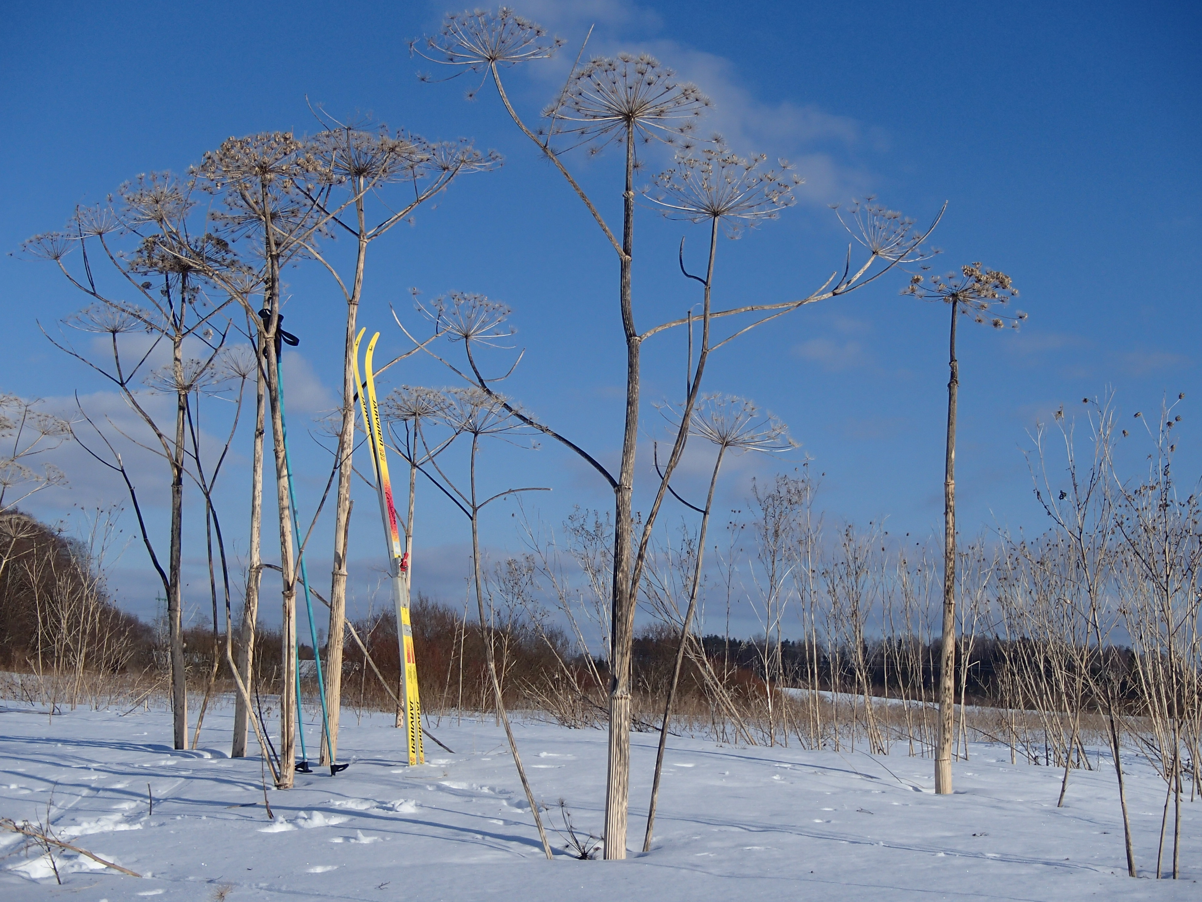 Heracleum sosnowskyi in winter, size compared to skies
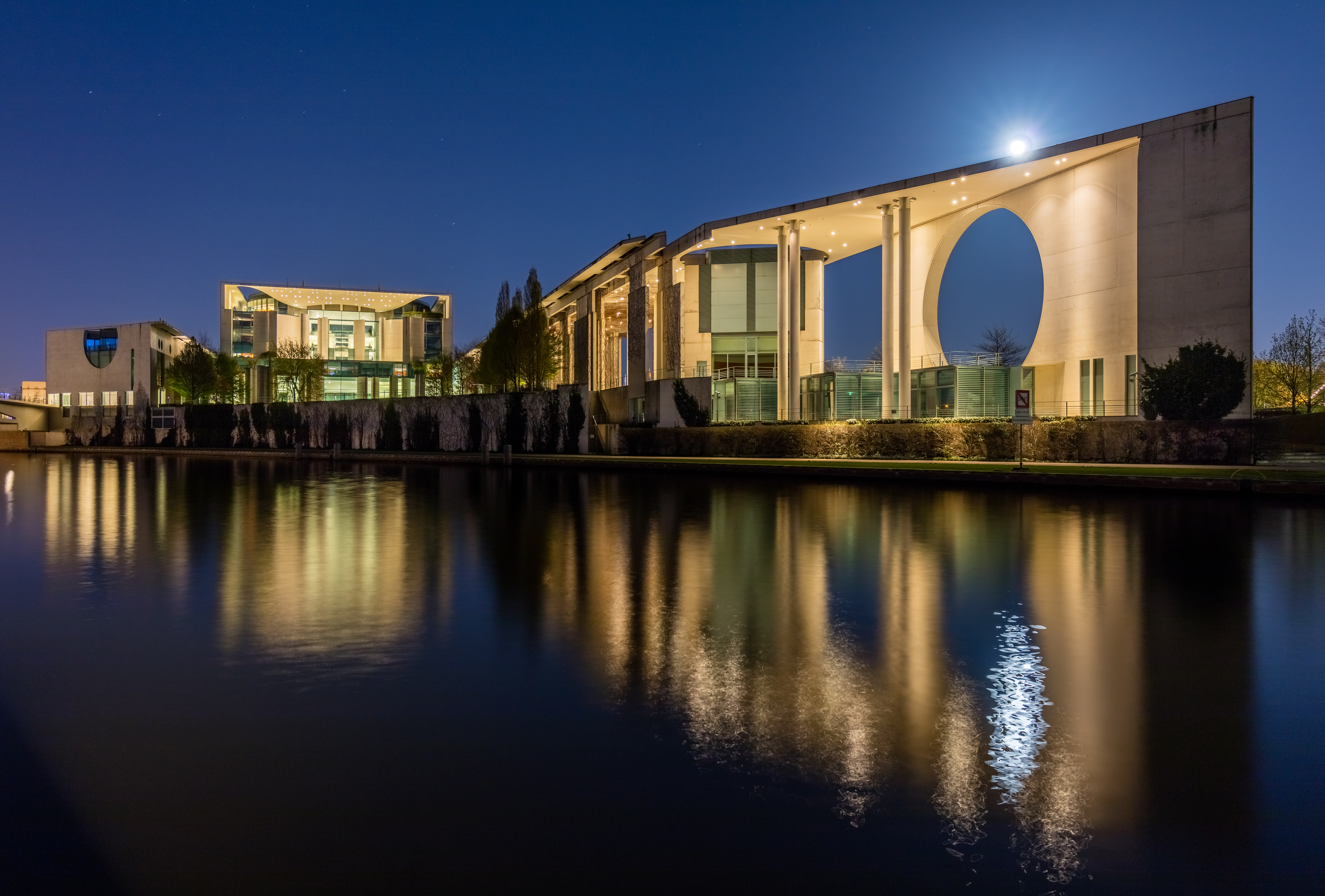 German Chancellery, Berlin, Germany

---

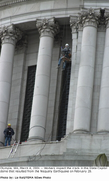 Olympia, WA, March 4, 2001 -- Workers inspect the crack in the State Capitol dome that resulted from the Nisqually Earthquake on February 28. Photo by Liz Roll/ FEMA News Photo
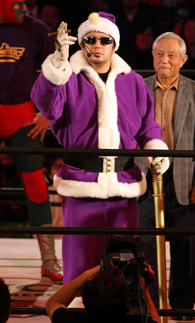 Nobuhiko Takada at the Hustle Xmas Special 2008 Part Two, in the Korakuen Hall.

WHAT IS NEEDED: Could the stretch from the line with "Heracleum sosnowskyi in" through the line with "German Chancellery, Berlin, Germany" in the listing above be restated word for word, minus the pictures?

OUTPUT BELOW:
 Heracleum sosnowskyi in winter, size compared to skies
 German Chancellery, Berlin, Germany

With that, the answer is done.